Atrapé su mano, llevándola a mis labios.
—Como nosotros.
Algo se quebró en su expresión entonces —un muro desmoronándose, una rendición.
Se inclinó hacia adelante, presionando su frente contra mi pecho desnudo.
La rodeé con mis brazos, manteniéndola cerca.
—Tengo miedo —confesó contra mi piel—.
Miedo de lo que siento por ti.
Miedo de lo que significa.
—No lo tengas —murmuré en su cabello—.
Soy lo suficientemente fuerte para ambos.
Ella inclinó la cabeza hacia atrás, mirándome con esos ojos verdes que perseguían mis sueños.
—¿Qué sucede ahora?
En lugar de responder, bajé mi cabeza y capturé sus labios con los míos.
Ella se derritió en mí, sus brazos deslizándose alrededor de mi cuello mientras devolvía el beso con igual fervor.

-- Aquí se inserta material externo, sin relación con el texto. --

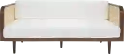 This daybed is a versatile "transitional" piece. The tapered wood-look legs and walnut-finished ash frame are hallmark mid-century modern elements, while the natural French cane and ivory linen cushions tap into a breezy, coastal lifestyle aesthetic. This makes it an ideal anchor piece for a variety of fashionable interior styles.

Podía saborear la sal de sus lágrimas, la dulzura de su rendición.
Cuando finalmente nos separamos, ambos respirando pesadamente, presioné mi frente contra la suya.
—Ahora dejamos de fingir.
Ahora enfrentamos lo que venga juntos.
—¿Y Isolde?
—preguntó, con voz pequeña.
—Eso siempre iba a terminar.
Lo sabes.
—Aparté un mechón de cabello de su rostro—.
Desde el momento en que volviste a entrar en mi vida, solo ibas a ser tú.

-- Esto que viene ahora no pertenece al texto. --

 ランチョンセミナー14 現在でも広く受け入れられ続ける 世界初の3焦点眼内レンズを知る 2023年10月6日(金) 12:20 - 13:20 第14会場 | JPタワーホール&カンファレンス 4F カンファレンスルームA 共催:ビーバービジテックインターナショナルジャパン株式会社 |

Nuevas lágrimas brotaron en sus ojos.
—No merezco esto.
No te merezco.
Las palabras me golpearon como un golpe físico.
Después de todo —después de todo lo que le había hecho, toda la manipulación, la posesividad, la oscuridad que había traído a su vida—, ¿ella pensaba que no me merecía?
Acuné su rostro ferozmente entre mis manos, mis ojos perforando los suyos.
—Mereces todo, Serafina.
Todo y más.
Y pasaré cada maldito día demostrándotelo si es necesario.